José Alberto Pessoa
Alberto Pessoa was an architect with offices in Lisbon, active from 1945 to 1982. He graduated from the EBAL in 1943 and completed an internship under Keil do Amaral (1947-1950), collaborating in the design of equipment for Lisbon’s parks. In 1949 he designed the first high-rise residential block in Lisbon, following the International Style codes: a modern office building (later converted into the Hotel Infante Santo), with a shopping centre in the middle, thus adapting the pedestrian circulation to the Lisbon topography. This was followed by the Avenida Infante Santo residential complex (1952-1955), with its enormous hanging platform separated from the traffic route forming the basis for vigorous housing blocks. From 1950 to 1960 he was a professor at ESBAL and one of the directors of Arquitectura magazine. In 1961 he designed the Associação Académica de Coimbra building, including the Gil Vicente Theatre. Of his vast body of work, the most prominent projects are the High-rise Car Park in Porto (1961) and the Areeiro Swimming Pool in Lisbon, but the Calouste Gulbenkian Foundation Head Office and Museum complex (1959-1969, together with Pedro Cid and Ruy Athouguia) stands out as his referential work.

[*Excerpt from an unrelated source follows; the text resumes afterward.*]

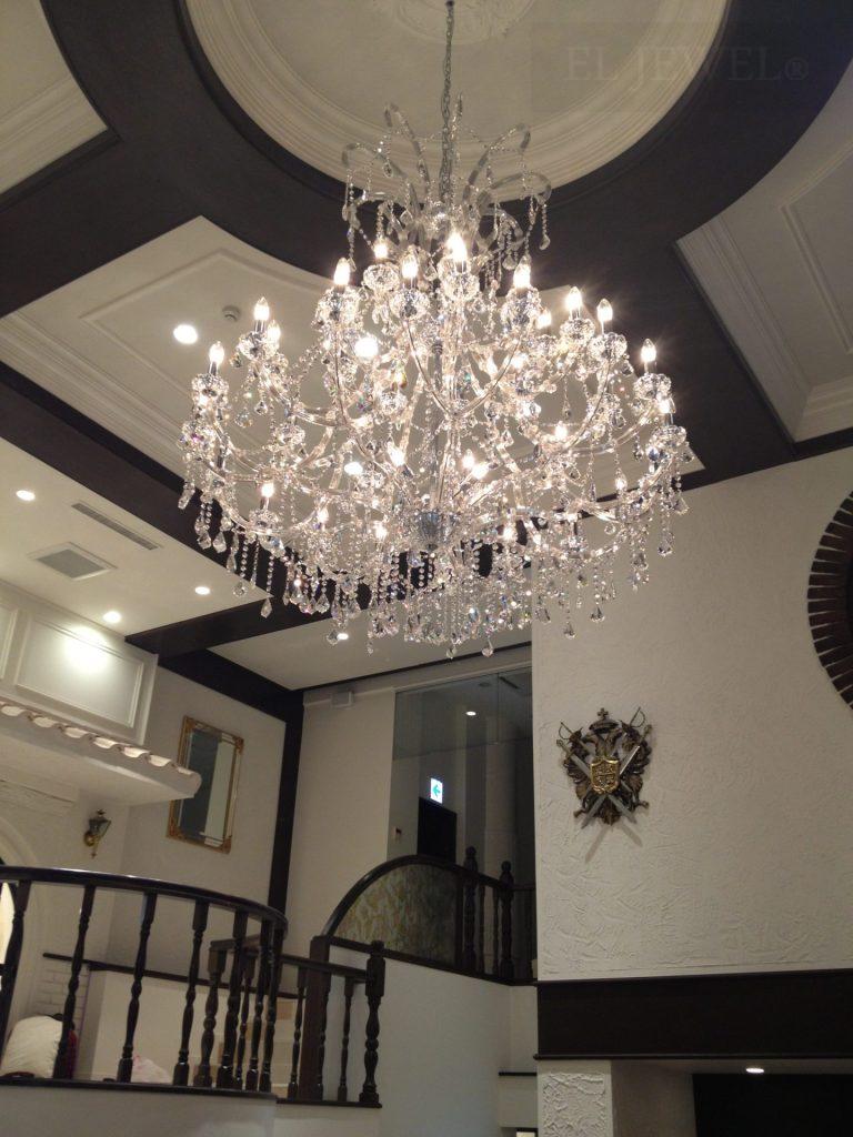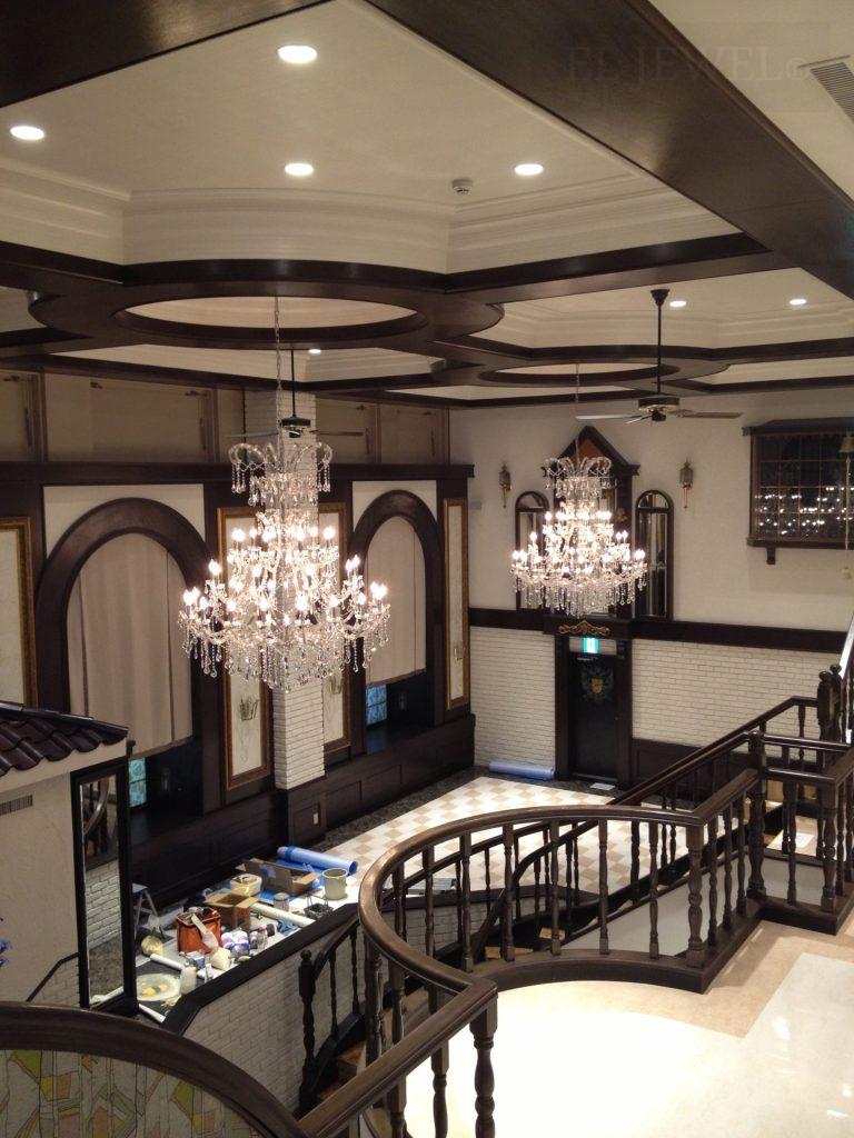 新潟県長岡市にあるレストランウエディング施設「英国屋」様では、クラシックな雰囲気を大切にした空間づくりを目指しておられました。私たちは、そのコンセプトに合わせて、大型のクリスタルシャンデリアを提案・納品いたしました。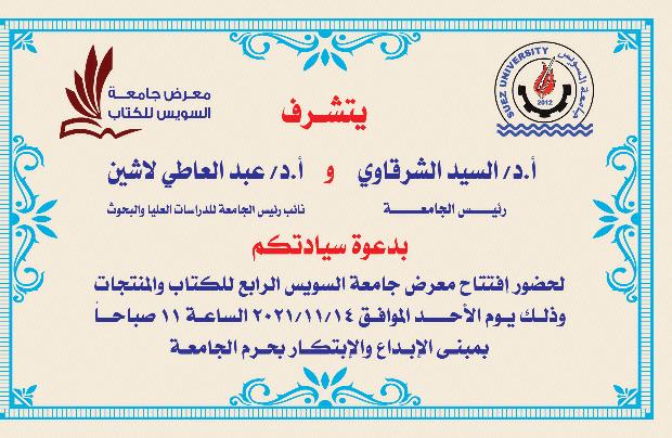 يأتي ذلك تحت رعاية الدكتور السيد الشرقاوي، رئيس جامعة السويس، وإشراف الدكتور عبد العاطي لاشين نائب رئيس الجامعة للدراسات العليا والبحوث.

He won the Valmor Prize for architecture on two occasions (1949, Cantante da Mota House; 1975, Calouste Gulbenkian Foundation).
His body of works also includes: Study for Praça Pasteur and Av. de Paris (Lisbon, 1949, with Chorão Ramalho, J. Bastos and L. Crus); Central Library of the Faculty of Humanities (University of Coimbra, 1945).
Ana TOSTÕES, Calouste Gulbenkian Foundation: The Buildings, F.C.G, Lisboa, 2012, p.257.